Data supplied >>
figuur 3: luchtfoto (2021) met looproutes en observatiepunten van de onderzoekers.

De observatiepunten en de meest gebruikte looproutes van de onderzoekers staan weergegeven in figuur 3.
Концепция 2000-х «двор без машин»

* * *

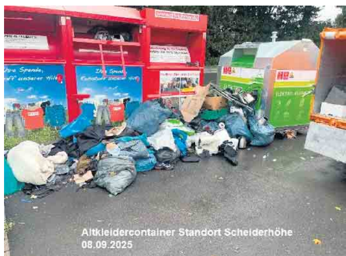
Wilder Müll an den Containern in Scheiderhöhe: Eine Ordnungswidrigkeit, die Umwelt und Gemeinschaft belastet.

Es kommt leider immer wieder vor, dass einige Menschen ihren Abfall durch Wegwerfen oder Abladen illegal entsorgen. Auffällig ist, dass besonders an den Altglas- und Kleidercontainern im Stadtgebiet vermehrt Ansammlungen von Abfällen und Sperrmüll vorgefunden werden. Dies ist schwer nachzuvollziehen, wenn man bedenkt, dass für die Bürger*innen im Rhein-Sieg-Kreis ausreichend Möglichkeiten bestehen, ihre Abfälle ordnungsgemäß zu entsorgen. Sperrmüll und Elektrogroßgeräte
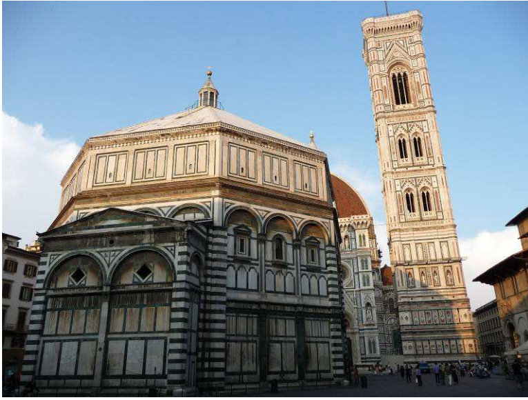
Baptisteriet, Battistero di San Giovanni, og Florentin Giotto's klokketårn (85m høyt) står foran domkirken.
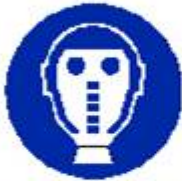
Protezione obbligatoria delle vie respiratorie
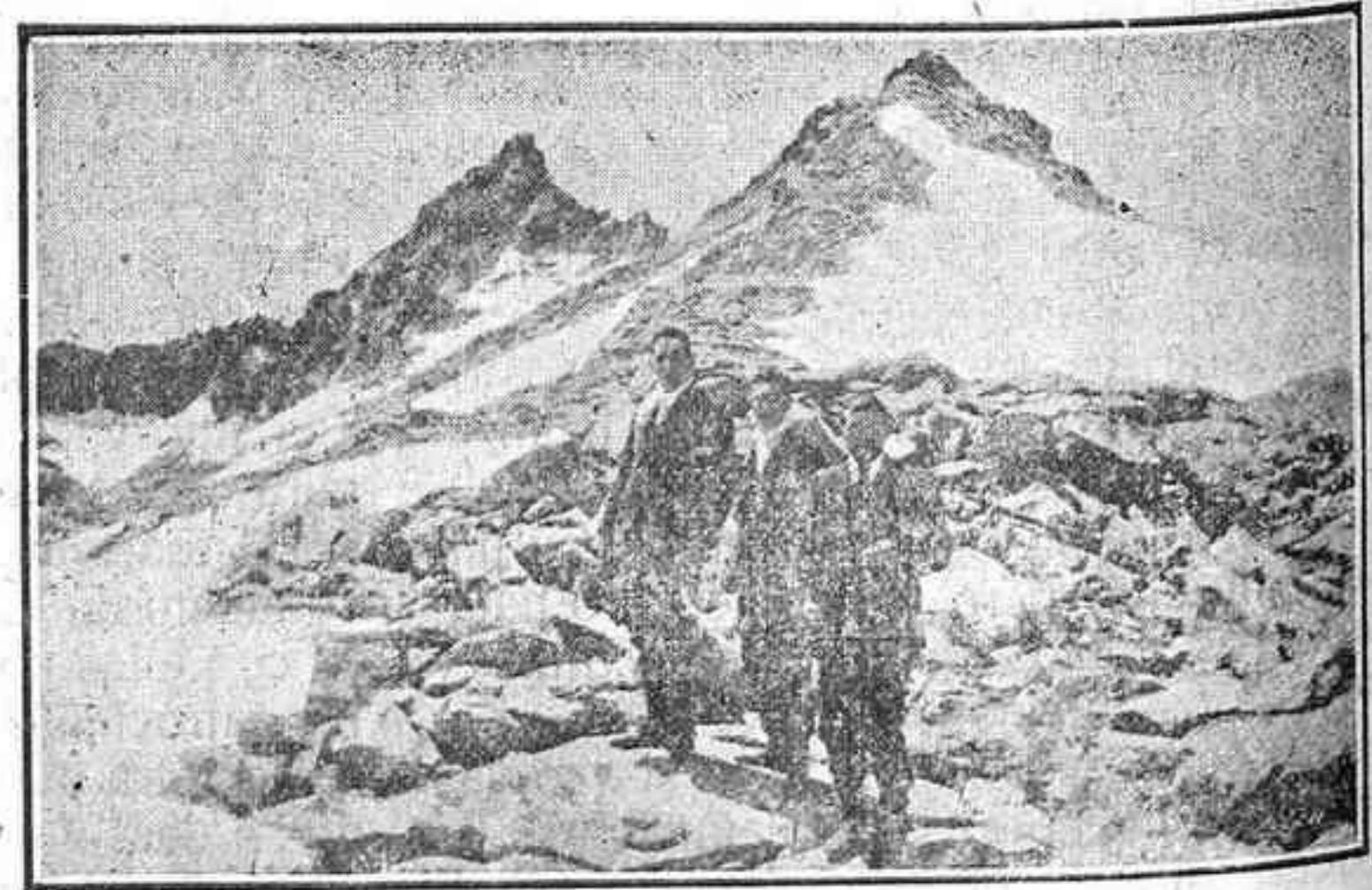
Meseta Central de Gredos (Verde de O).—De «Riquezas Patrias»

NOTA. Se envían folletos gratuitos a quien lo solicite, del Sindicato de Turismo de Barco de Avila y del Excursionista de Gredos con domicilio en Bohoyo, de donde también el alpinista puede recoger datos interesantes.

Goal of the exercise >>
Report back each line of the entries that holds the string "onderzoekers".

Response to the task >>
figuur 3: luchtfoto (2021) met looproutes en observatiepunten van de onderzoekers.
De observatiepunten en de meest gebruikte looproutes van de onderzoekers staan weergegeven in figuur 3.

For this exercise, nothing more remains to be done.